*** Opening of Raw data ***

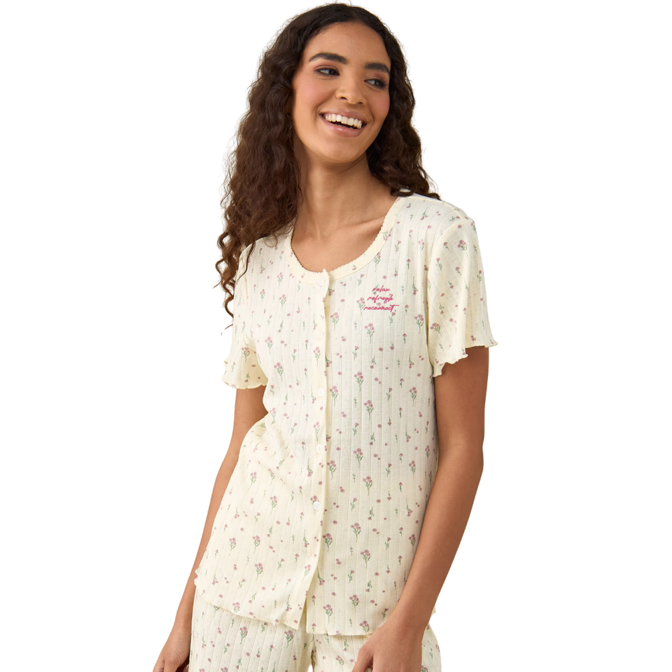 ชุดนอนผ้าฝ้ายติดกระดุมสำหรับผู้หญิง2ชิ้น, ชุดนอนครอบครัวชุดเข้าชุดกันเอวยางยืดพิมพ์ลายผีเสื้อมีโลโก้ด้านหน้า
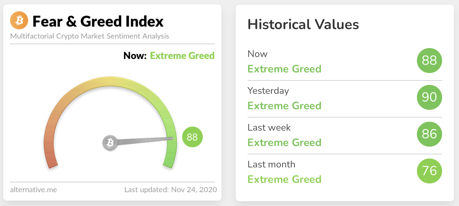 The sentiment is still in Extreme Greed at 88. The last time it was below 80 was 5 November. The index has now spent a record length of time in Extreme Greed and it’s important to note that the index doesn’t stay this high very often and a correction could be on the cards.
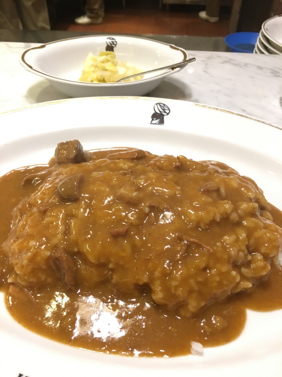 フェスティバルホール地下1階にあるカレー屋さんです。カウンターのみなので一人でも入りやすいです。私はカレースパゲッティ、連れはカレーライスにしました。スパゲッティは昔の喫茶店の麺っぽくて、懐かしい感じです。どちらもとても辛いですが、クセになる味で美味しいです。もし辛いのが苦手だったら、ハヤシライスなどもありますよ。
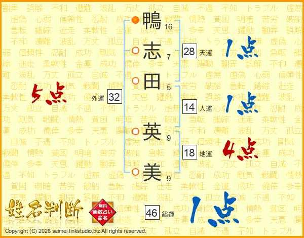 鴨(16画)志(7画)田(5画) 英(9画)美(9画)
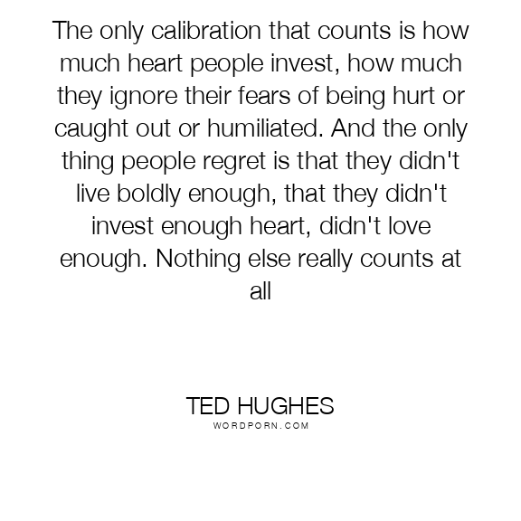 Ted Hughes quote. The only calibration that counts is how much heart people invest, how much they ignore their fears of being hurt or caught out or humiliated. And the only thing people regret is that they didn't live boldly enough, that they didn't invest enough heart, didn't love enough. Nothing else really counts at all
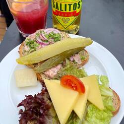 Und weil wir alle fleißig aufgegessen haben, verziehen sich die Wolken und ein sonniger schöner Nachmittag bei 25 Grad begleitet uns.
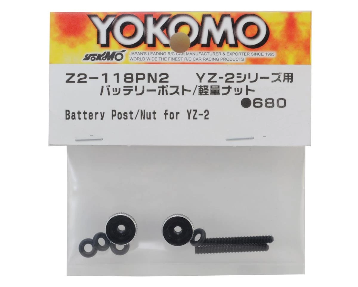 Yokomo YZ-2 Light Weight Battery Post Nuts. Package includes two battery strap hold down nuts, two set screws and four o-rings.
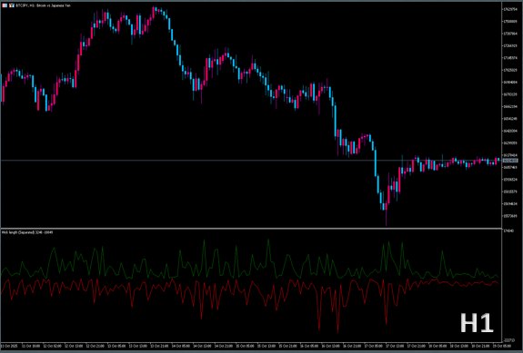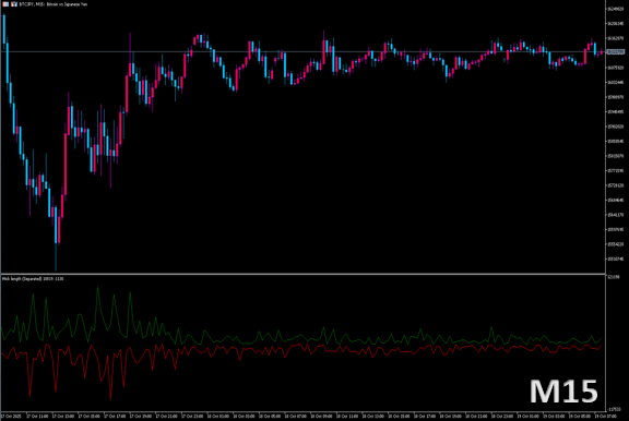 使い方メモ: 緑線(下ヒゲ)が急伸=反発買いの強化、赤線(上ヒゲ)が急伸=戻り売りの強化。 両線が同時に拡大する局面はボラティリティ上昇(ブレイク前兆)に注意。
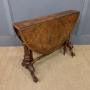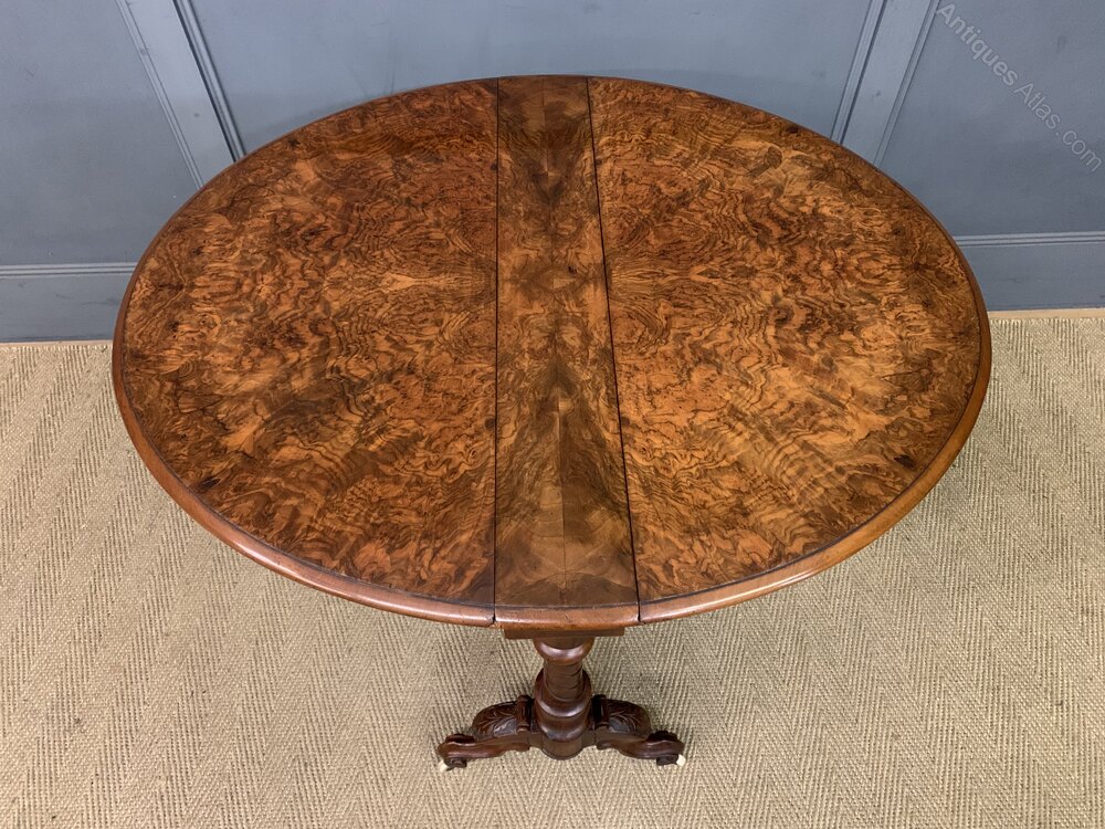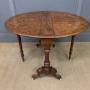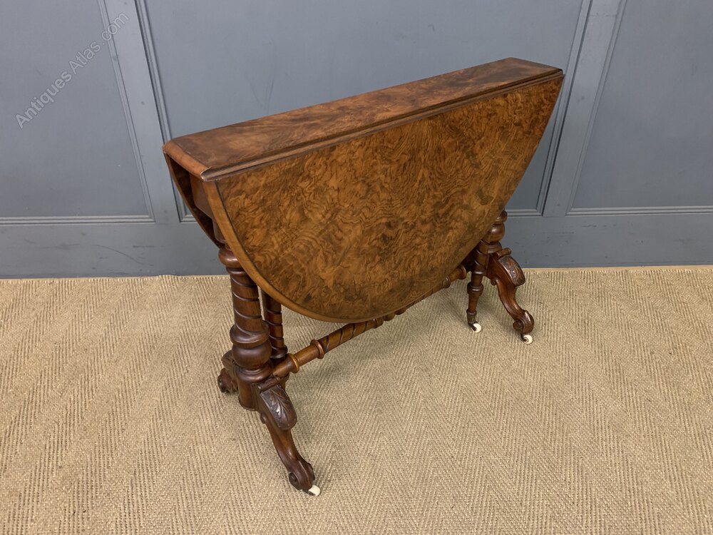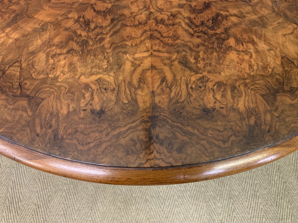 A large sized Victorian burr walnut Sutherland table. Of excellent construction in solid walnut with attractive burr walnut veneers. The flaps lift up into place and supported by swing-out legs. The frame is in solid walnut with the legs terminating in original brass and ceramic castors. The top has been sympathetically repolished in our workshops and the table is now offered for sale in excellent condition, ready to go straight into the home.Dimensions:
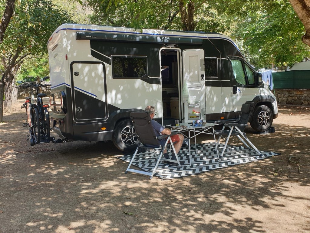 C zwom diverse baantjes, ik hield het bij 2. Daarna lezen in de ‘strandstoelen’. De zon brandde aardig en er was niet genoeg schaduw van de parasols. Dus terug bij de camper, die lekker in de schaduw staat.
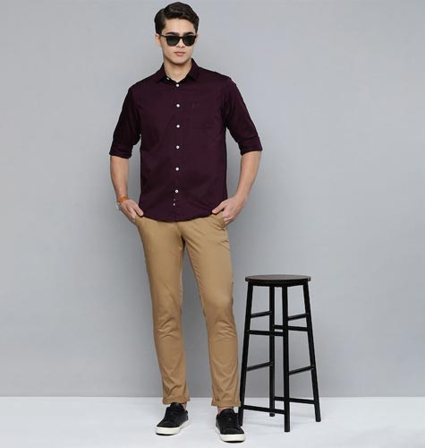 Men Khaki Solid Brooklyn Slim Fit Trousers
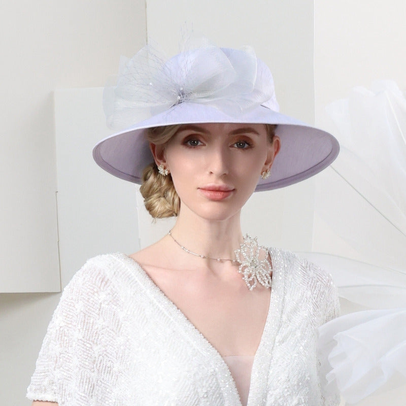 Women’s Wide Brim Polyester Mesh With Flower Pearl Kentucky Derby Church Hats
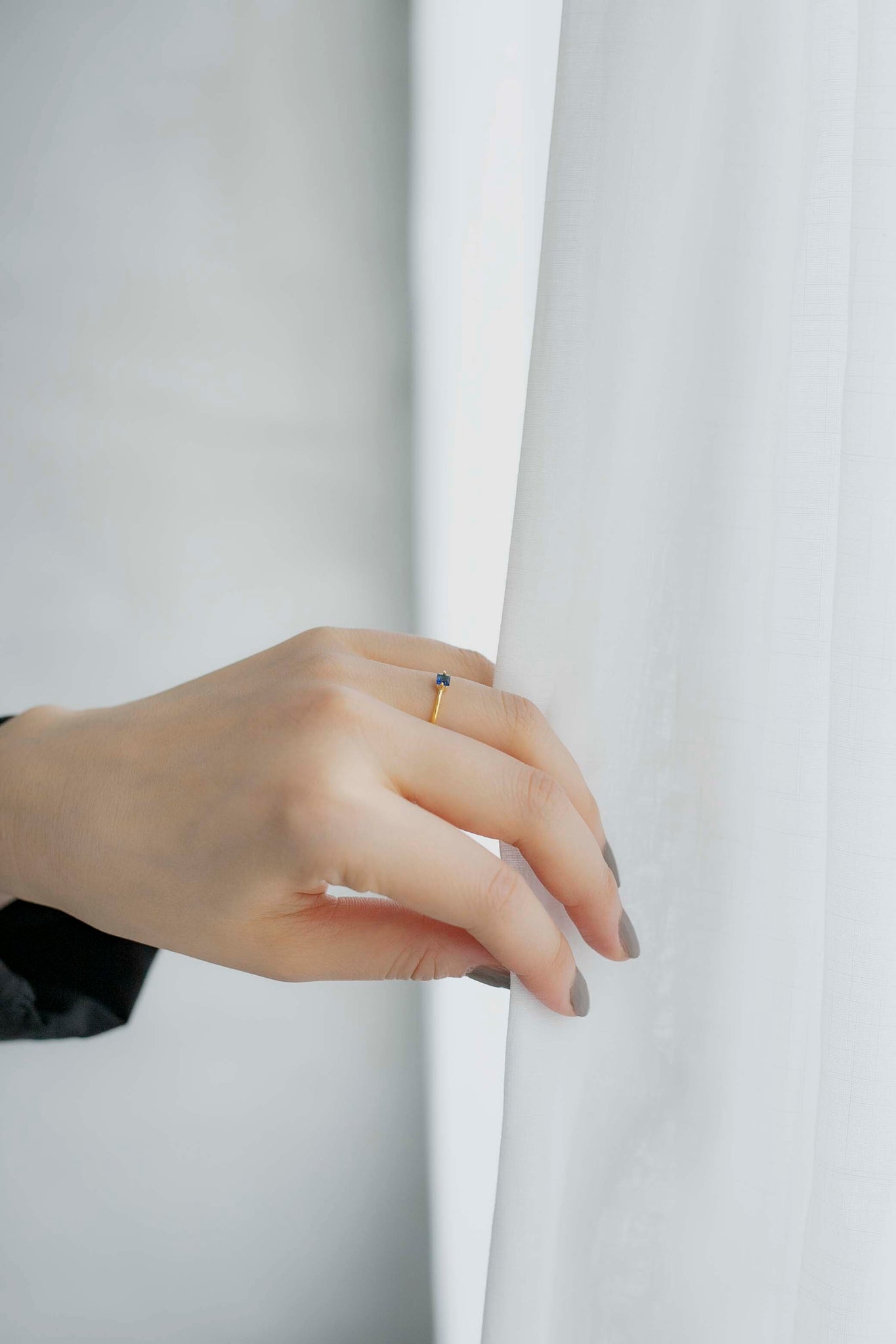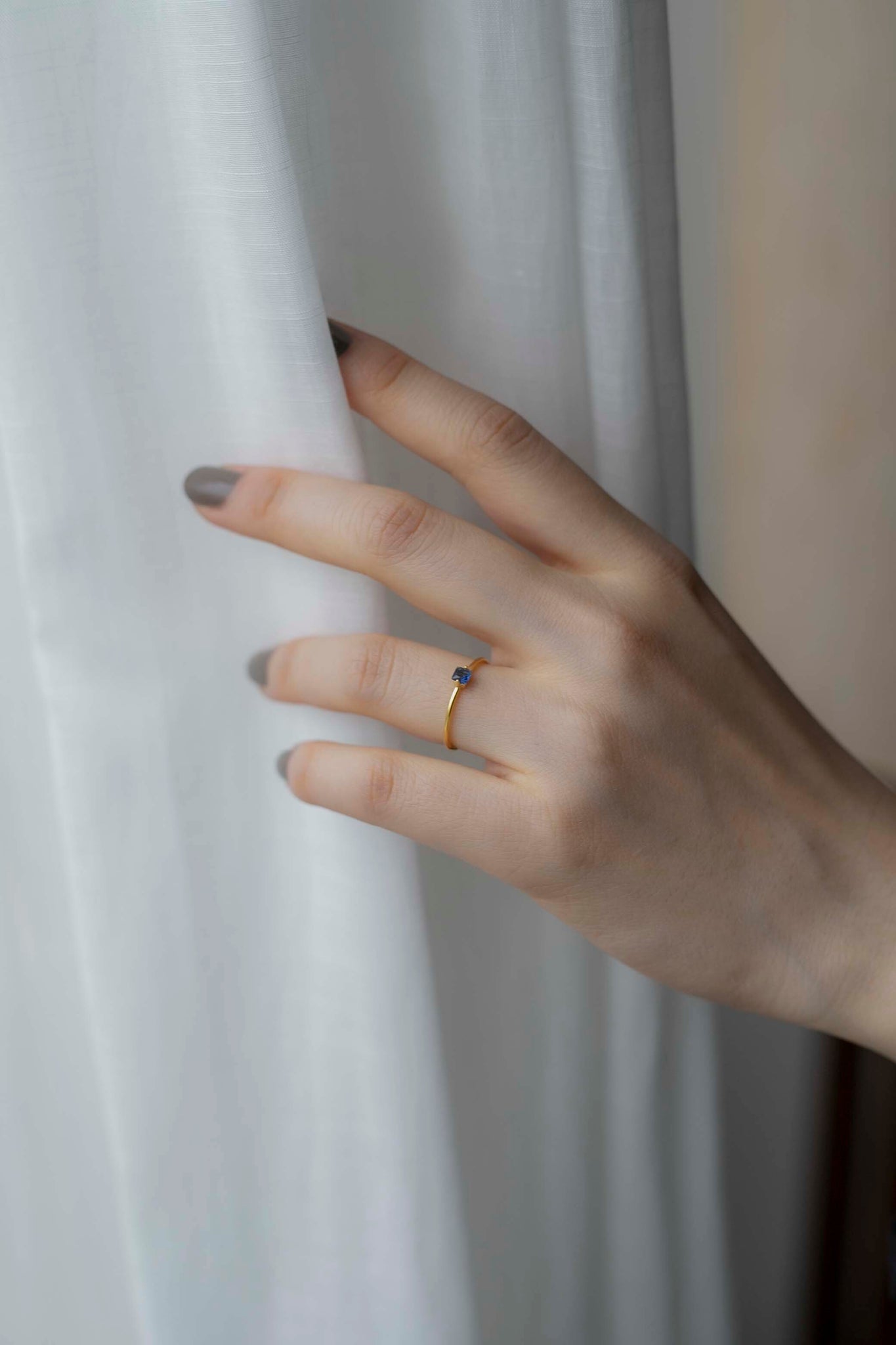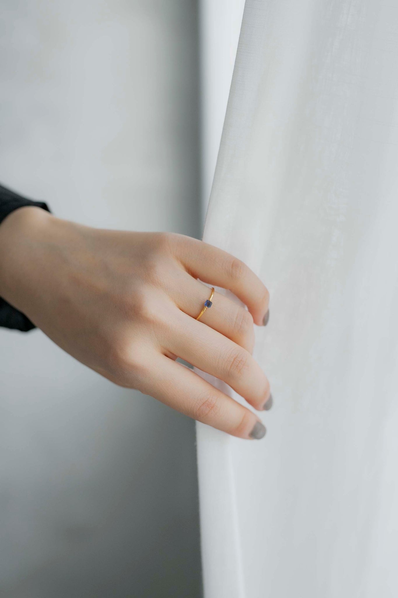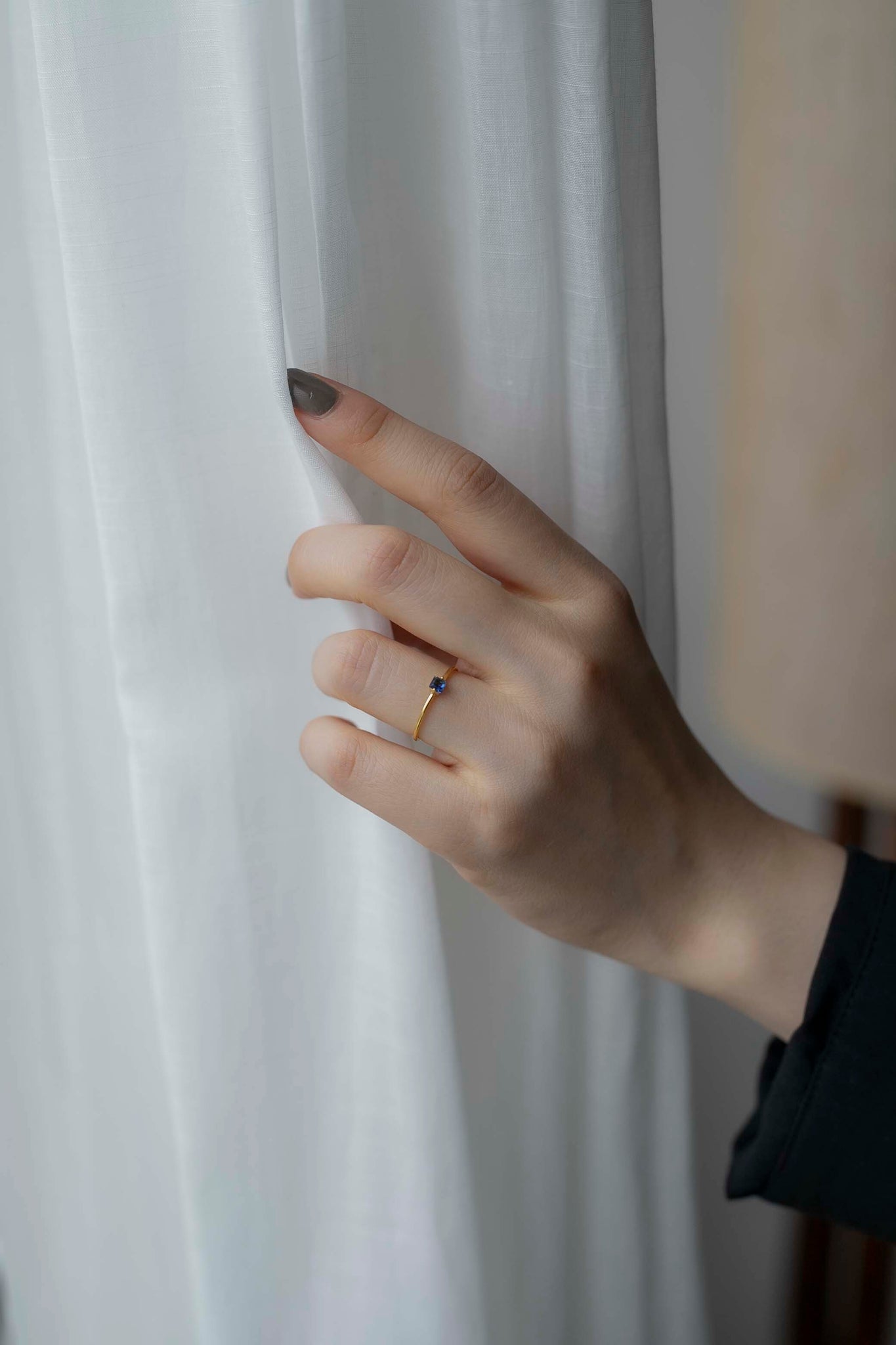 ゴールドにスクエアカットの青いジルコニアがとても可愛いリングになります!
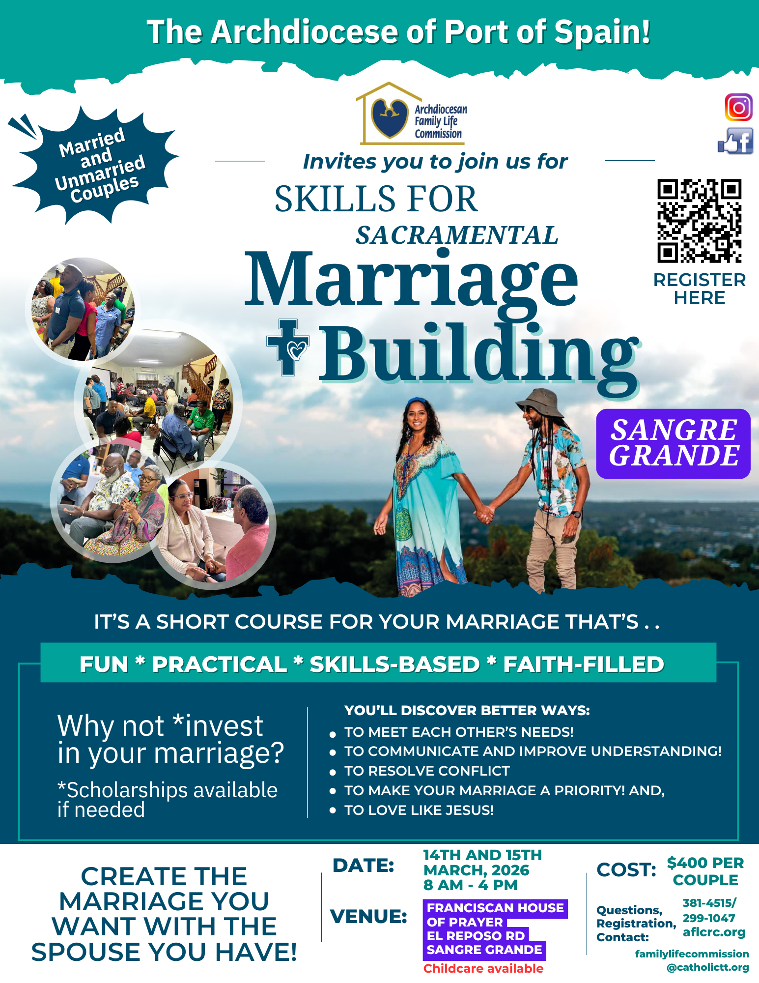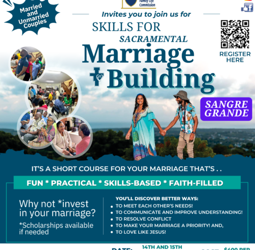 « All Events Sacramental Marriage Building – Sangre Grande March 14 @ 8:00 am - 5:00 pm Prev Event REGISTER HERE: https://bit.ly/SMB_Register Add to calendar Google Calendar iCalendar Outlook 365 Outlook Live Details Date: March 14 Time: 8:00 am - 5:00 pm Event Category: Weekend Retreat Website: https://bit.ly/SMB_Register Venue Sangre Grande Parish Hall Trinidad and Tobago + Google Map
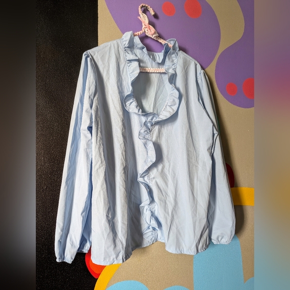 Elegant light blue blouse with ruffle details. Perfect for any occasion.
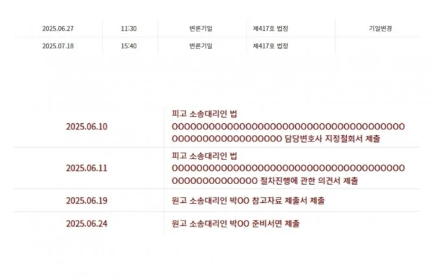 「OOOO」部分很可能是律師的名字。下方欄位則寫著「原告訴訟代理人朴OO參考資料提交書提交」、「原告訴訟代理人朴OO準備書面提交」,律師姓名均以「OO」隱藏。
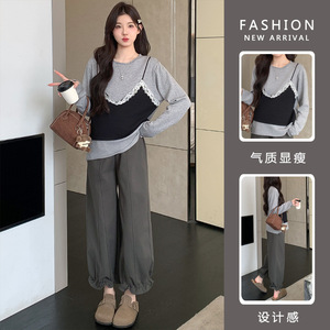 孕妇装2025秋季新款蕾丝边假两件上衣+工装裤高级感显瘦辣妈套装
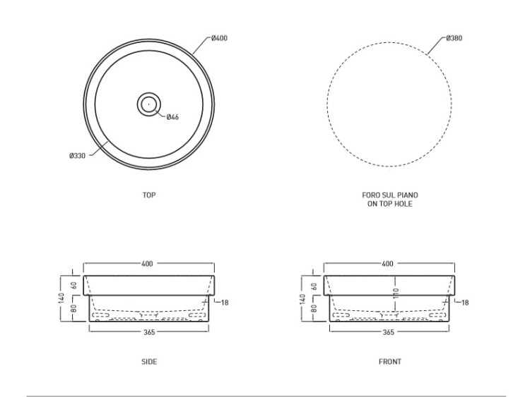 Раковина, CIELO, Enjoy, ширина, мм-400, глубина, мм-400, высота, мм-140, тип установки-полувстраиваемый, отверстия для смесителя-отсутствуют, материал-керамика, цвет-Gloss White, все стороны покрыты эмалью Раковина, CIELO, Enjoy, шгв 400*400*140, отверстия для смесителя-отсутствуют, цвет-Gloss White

*** Close of Raw data ***

> Work to be completed: Please print exactly the lines from the line containing "Elegant light blue" through the end of the records above, both included, leaving out every picture.

> Answer to this problem:
 Elegant light blue blouse with ruffle details. Perfect for any occasion.
 「OOOO」部分很可能是律師的名字。下方欄位則寫著「原告訴訟代理人朴OO參考資料提交書提交」、「原告訴訟代理人朴OO準備書面提交」,律師姓名均以「OO」隱藏。
 孕妇装2025秋季新款蕾丝边假两件上衣+工装裤高级感显瘦辣妈套装
 Раковина, CIELO, Enjoy, ширина, мм-400, глубина, мм-400, высота, мм-140, тип установки-полувстраиваемый, отверстия для смесителя-отсутствуют, материал-керамика, цвет-Gloss White, все стороны покрыты эмалью Раковина, CIELO, Enjoy, шгв 400*400*140, отверстия для смесителя-отсутствуют, цвет-Gloss White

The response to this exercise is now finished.